For all that I tried to control, I never really had the belief that I was in charge. I was a victim of my life’s circumstances, not that my life was the result of my intentional actions. The identity of fear and failure that I operated under every day – I had, at some point, far outgrown and surpassed.


But I had continued to operate under those beliefs. The “success” markers I strove towards were based on my perception of someone else’s definition, not my own. I could never feel like ‘I made it’ if I didn’t know where I was going.


My process of self-reflection and nourishment began with a coach and a serious commitment to self-reflect. I learned the importance of being aware of my body and feelings, not just pushing them down to “deal with them later”, especially if “later” never came. I learned to accept me for me and love me for me. I learned to find intention in the things I did – an intention that was to honor myself. The more I nourished myself, the more I had to give to others. Self-care wasn’t selfish, it was the most selfless thing I could do!

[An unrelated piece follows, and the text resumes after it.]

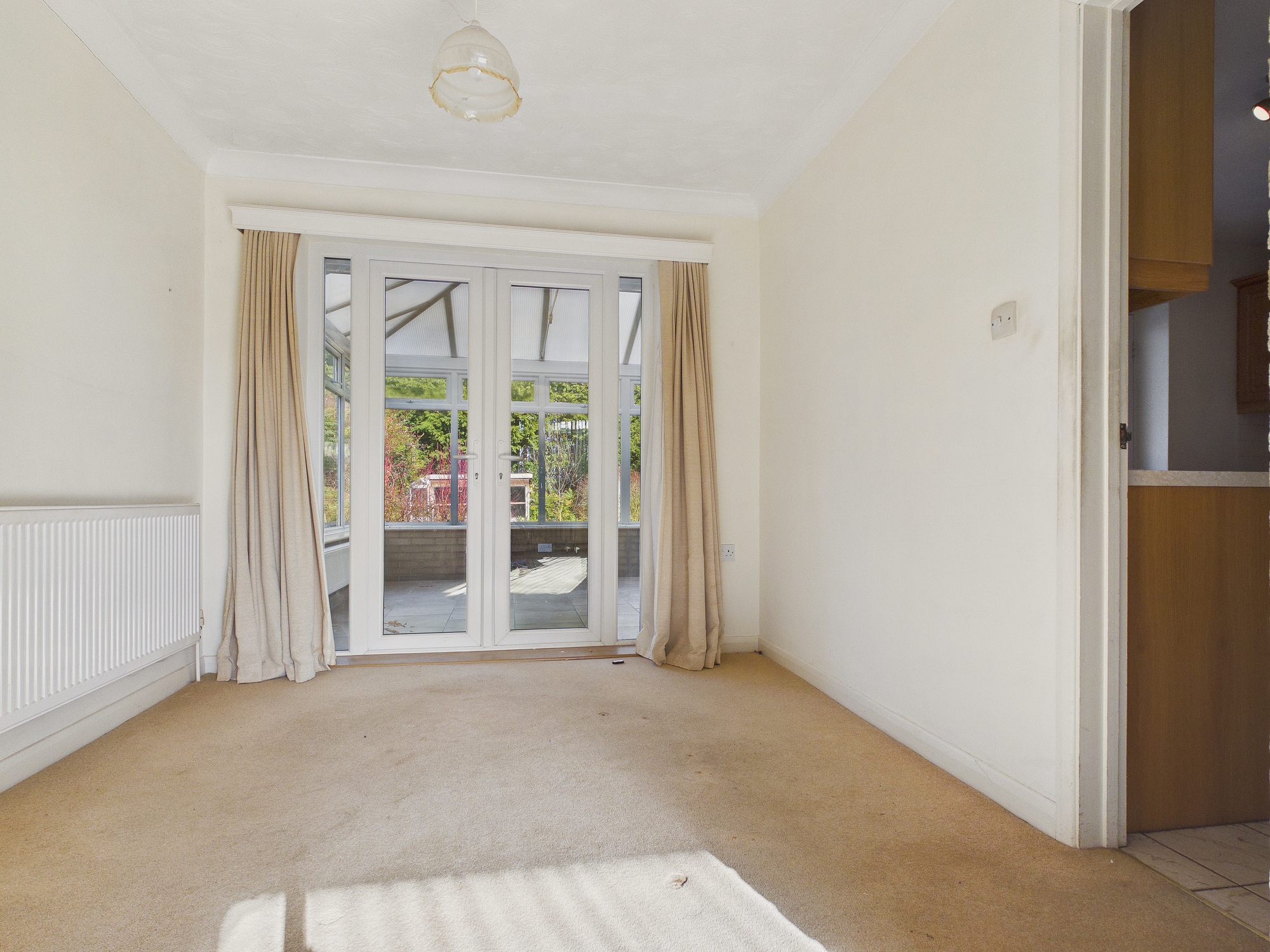 Wall mounted single panel radiator, textured and coved ceiling, uPVC double glazed French doors to conservatory, door to:-

I realized that I, Mikaela, as an individual person with my own needs, wants and desires DOES matter. I had been defining my worth by what others thought and that thing that I had been missing – that capacity for happiness had always been within me.


I am deserving. I am enough. I am capable.


I am successful. I am strong. I am resilient.


Who I am now is exactly who I was meant to be. And I am so grateful for that.